**What the exercise asks**
Please, from the entries below, transcribe exactly the lines that begin at the line with "The road turns" and end at the line with "Основная информация о", without the pictures.

**Records for this task**
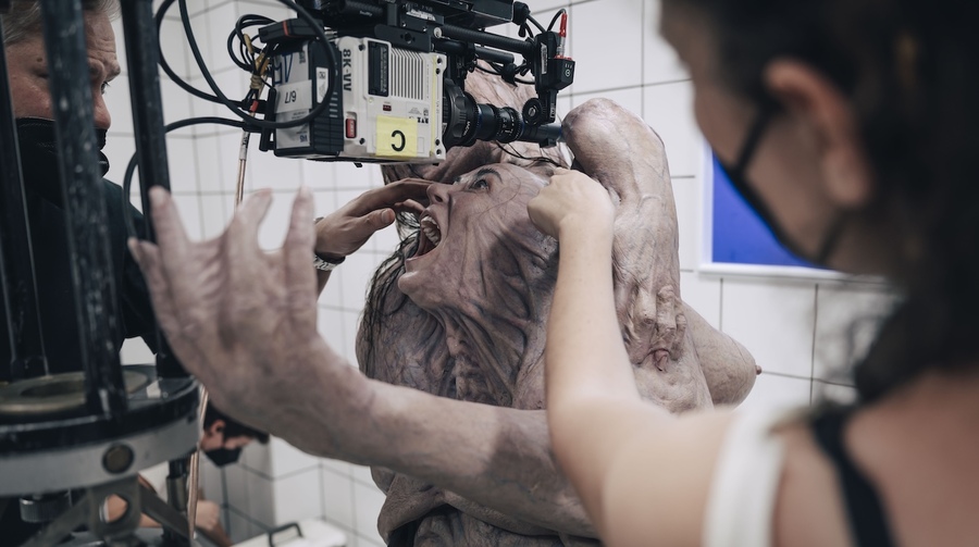 Процесс съёмки сцены из фильма «Субстанция» (2024)
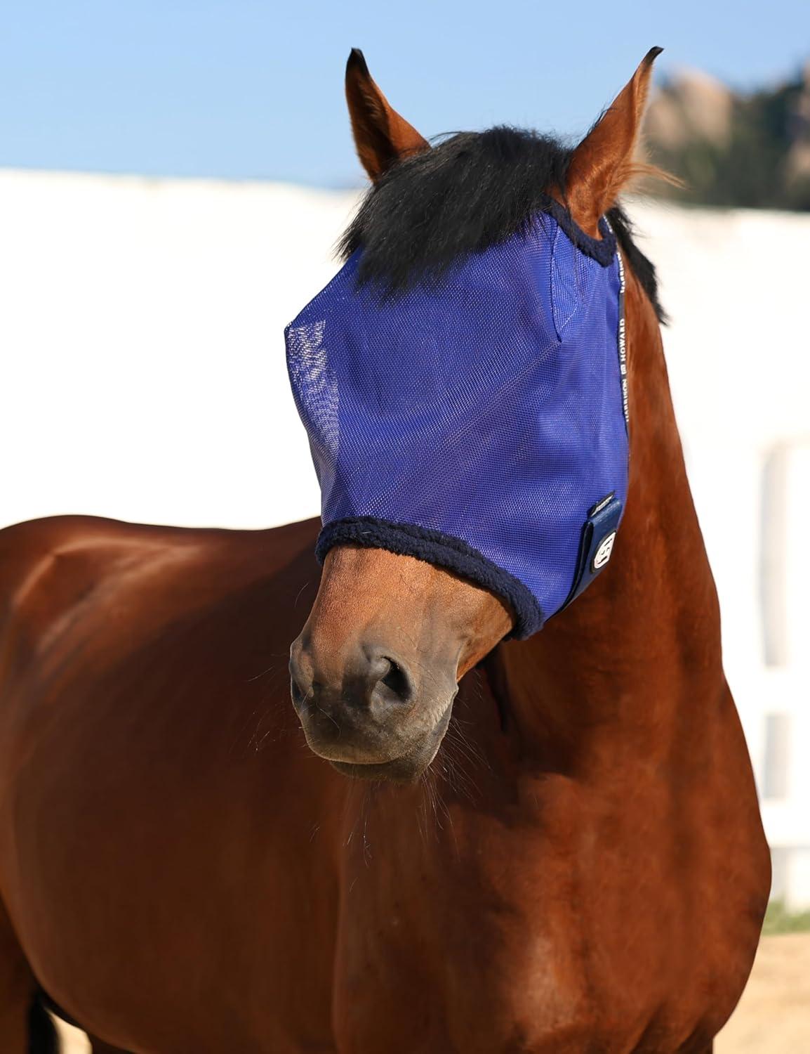 Harrison Howard All Round Mesh Horse Fly Mask UV Protective with Fleece Padded Edging Vibrant Orange L(Deep Navy)
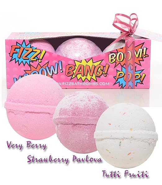 FIzz Bath Bombs Giant Lush Bath Bomb Gift Set would make a great Christmas gift. This is a set of 3 very large bath bombs. They have great scents which you can smell even before you open the package. I've never tried these bath bombs but absolutely love them now. Simply drop a bath bomb in the tub and watch it fizz. It lasts around 5 minutes and turns the water different colors. It's nice and relaxing. The scent is nice and makes for a really nice bath. Each bomb contains shea butter and Vitamin A which helps to leave skin soft and silky. The bombs can be broken up to be used as smaller bombs. I made a bath for my daughter and she loved the bath bomb!! She loved how it turned colors and she absolutely loved the fizz. It really does leave the skin softer and smoother. Love this set and highly recommend!! I received this set in return for my unbiased review. You can find out more about FIzz Bath Bombs Giant Lush Bath Bomb Gift Set @ http://www.amazon.com/Bath-Bombs-Presents-Very-Berry/dp/B010BC0FEW.
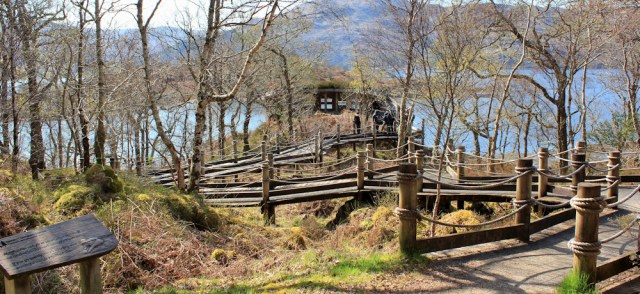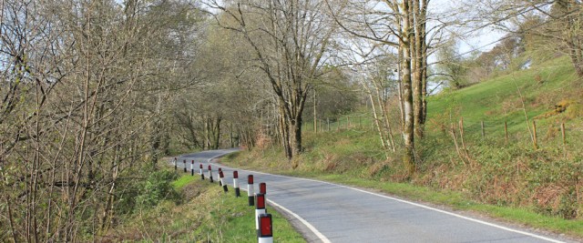 The road turns away from the loch again, and passes behind a raised area of thick woodland.
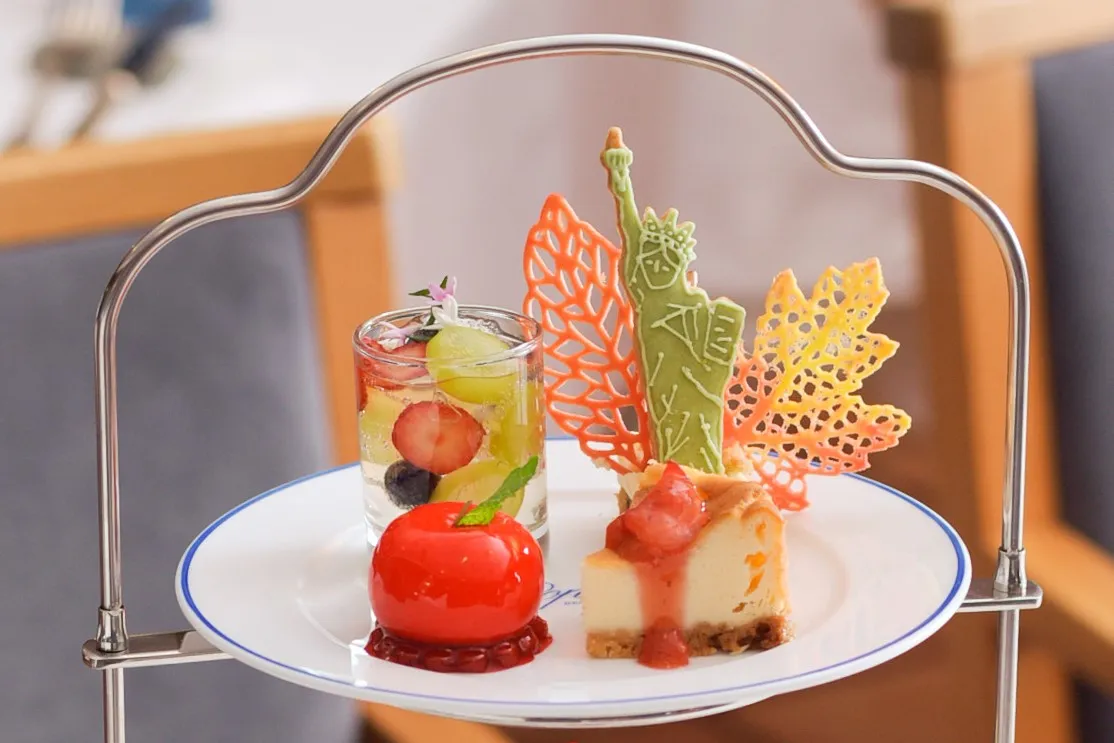 今回登場するのは、秋の味覚も取り込んだ特別なアフタヌーンティー。ニューヨークの別名「ビッグアップル」をモチーフにしたリンゴのムースや、濃厚な本場スタイルの特製ニューヨークチーズケーキ、みずみずしいシャインマスカットを合わせたジュレなどのスイーツが並びます。また、美味しくてヘルシーなアメリカンセイボリーもご用意しております。ブーケのような華やかなサラダに加え、特製のパテとソースにこだわったハンバーガーなど、バラエティ豊かなラインナップです。
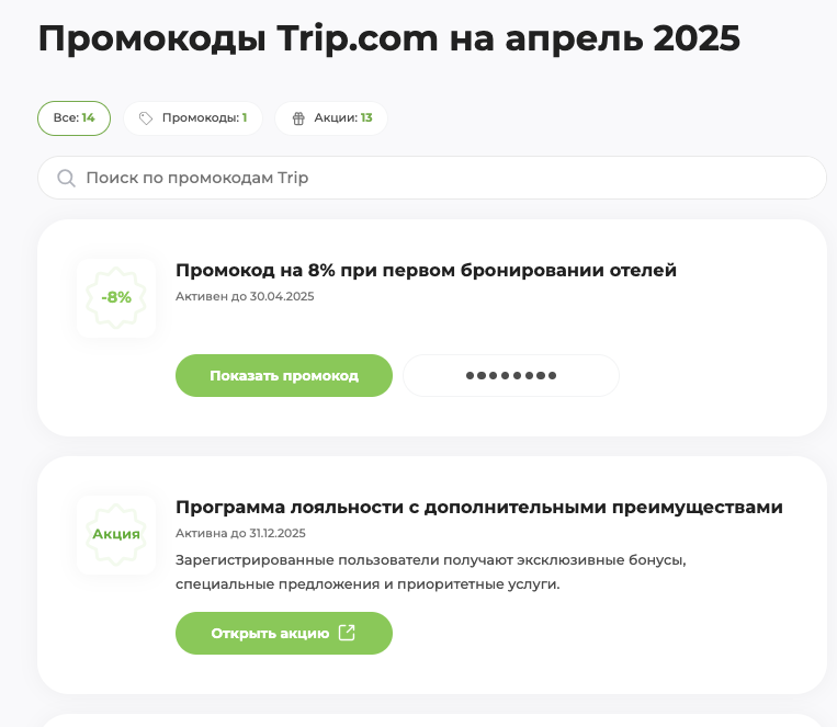 Основная информация о купонах и акциях для Трип
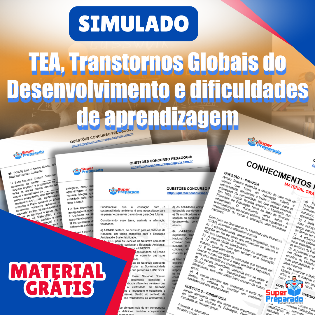 Baixe GRÁTIS o pdf do simulado TEA, Transtornos Globais do Desenvolvimento e dificuldades de aprendizagem. Prepare-se para concursos de professores e teste seus conhecimentos pedagógicos.
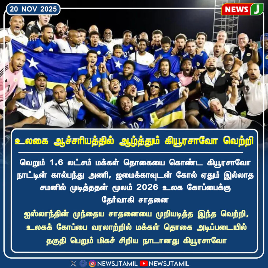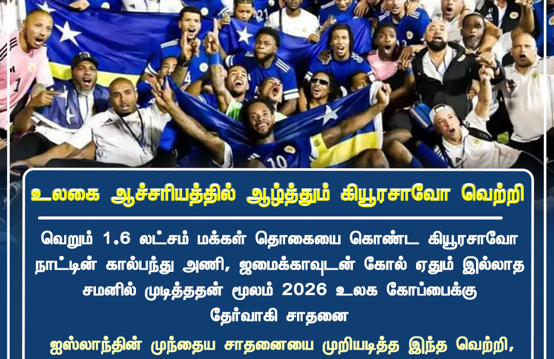 வெறும் 1.6 லட்சம் மக்கள் தொகையுள்ள கியூரசாவோ நாடு, அணி ஜமைக்காவுடன் கோல் ரதம் இல்லாத சமனில் முடித்ததின் மூலம் 2026 உலகக் கோப்பைக்கான தகுதி போட்டியில் பெரிய முன்னேற்றம் கண்டுள்ளது. இது அந்த தீவு நாட்டின் கால்பந்து வரலாற்றில் மிகப் பெரிய நாள் என ரசிகர்கள் கொண்டாடுகின்றனர்.
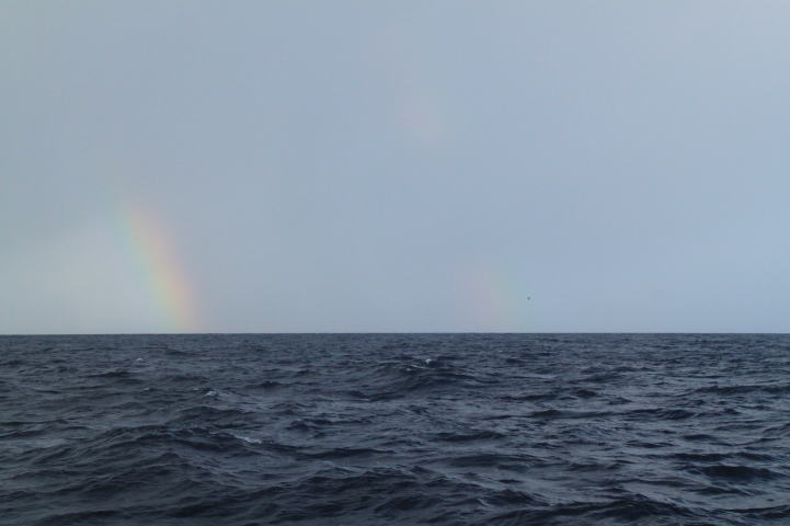 10月17日のケータ島ツアーのときに、上陸後に船から見えたダブルレインボーです。 |
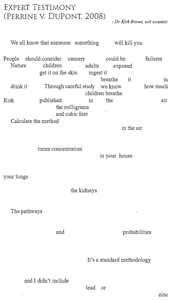 In fewer than 100 words, this poem crystallizes Dr. Brown’s actual testimony, which is far more defuse and equivocal. The witness’s statement about the increased risk of cancer is translated from numerical probabilities into biological activities (“get it on the skin,” “ingest it,” etc.) as a way of vivifying the pathways of contamination and enhancing readers’ empathy for victims of dangerous contamination.
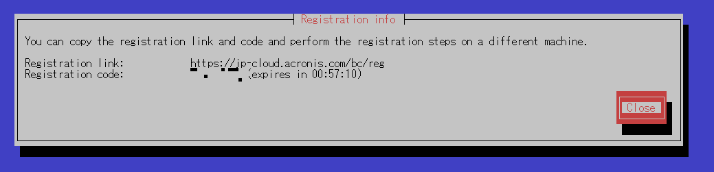 図4. Show registration infoを選択する - 次にコードを控え、AcronisのWeb管理コンソールで登録処理を行います
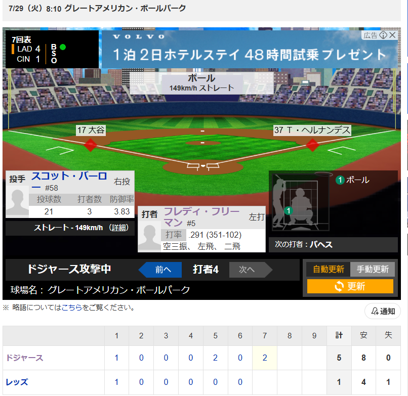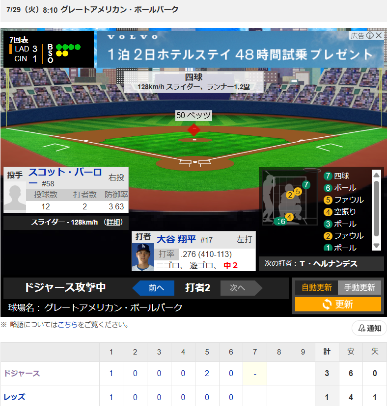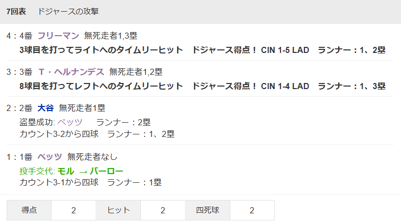 大谷翔平選手 第四打席 四球

**Answer area**
 The road turns away from the loch again, and passes behind a raised area of thick woodland.
 今回登場するのは、秋の味覚も取り込んだ特別なアフタヌーンティー。ニューヨークの別名「ビッグアップル」をモチーフにしたリンゴのムースや、濃厚な本場スタイルの特製ニューヨークチーズケーキ、みずみずしいシャインマスカットを合わせたジュレなどのスイーツが並びます。また、美味しくてヘルシーなアメリカンセイボリーもご用意しております。ブーケのような華やかなサラダに加え、特製のパテとソースにこだわったハンバーガーなど、バラエティ豊かなラインナップです。
 Основная информация о купонах и акциях для Трип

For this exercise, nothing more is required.